マンションは、1962年に「建物の区分所有等に関する法律」が制定され、1964年の東京オリンピックや1970年代の高度経済成長期を経て、国の住宅政策もあいまって供給戸数を増やしてきました。

その結果、国土交通省住宅関連データによれば、2017年末時点で全国のマンションストック数は約644.1万戸にのぼります。

建築基準法における耐震基準は1981年6月1日に改正され、それ以前の耐震基準を「旧耐震基準」、それ以降を「新耐震基準」と呼びます。

旧耐震基準は、概ね震度5程度の地震で倒壊しないことが基準なのに対し、新耐震基準は、概ね震度6~7の地震でも倒壊しないことが基準になっています。先に述べたマンションのストック約644.1万戸のうち、約104万戸はこの旧耐震基準で建てられたものです。

築何年から老朽化マンションと呼ぶか、その基準は一概にはいえません。マンションの法定耐用年数は、47年とされています。つまり新築後減価償却していき、最終的に税法上の建物の価値が0になるのが47年としていますが、法定耐用年数を過ぎたマンションが必ずしも老朽化マンションというわけではありません。マンションによって大規模修繕や耐震化工事の実施状況などによって実際の耐用年数は変わります。

また、2021年以降、1981年以降に建てられた新耐震基準のマンションでも、築40年以上を迎えるマンションがますます増えていきます。2027年には184.9万戸、2037年には351.9万戸になるといわれています。

マンションの老朽化によって起こりうる問題

マンションの老朽化の弊害として挙げられる問題として、「空き家問題」があります。建築時期が古いマンションほど空き家率が高い傾向にあり、今後は賃貸マンションだけでなく分譲マンションにおいても空き家問題が深刻化していく可能性はあります。
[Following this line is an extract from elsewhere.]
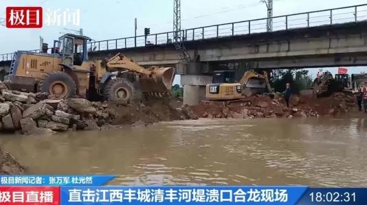 據(jù)5月6日央視新聞報道,江西宜春市豐城市麗村鎮(zhèn)清豐河堤下江段河堤潰口約30米,導(dǎo)致下游四個村莊被淹,約300人受災(zāi)。目前,當?shù)馗鞑块T正在緊急救援,封堵潰口。極目新聞記者在7日下午6時許到達現(xiàn)場,發(fā)現(xiàn)施工機械從潰口處兩邊推進,歷經(jīng)36小時后,潰口已成功合龍。

さらにマンションの老朽化問題を深刻にさせるのが、「少子高齢化」です。国立社会保障・人口研究所の平成29年7月推計によると、2020年以降の日本の人口は、その後20年で12,500万人から11,000万人へと減少してくのに対して、65歳以上の人口が占める高齢化率は26.3%から35.3%へと10%近くも上昇すると予測されています。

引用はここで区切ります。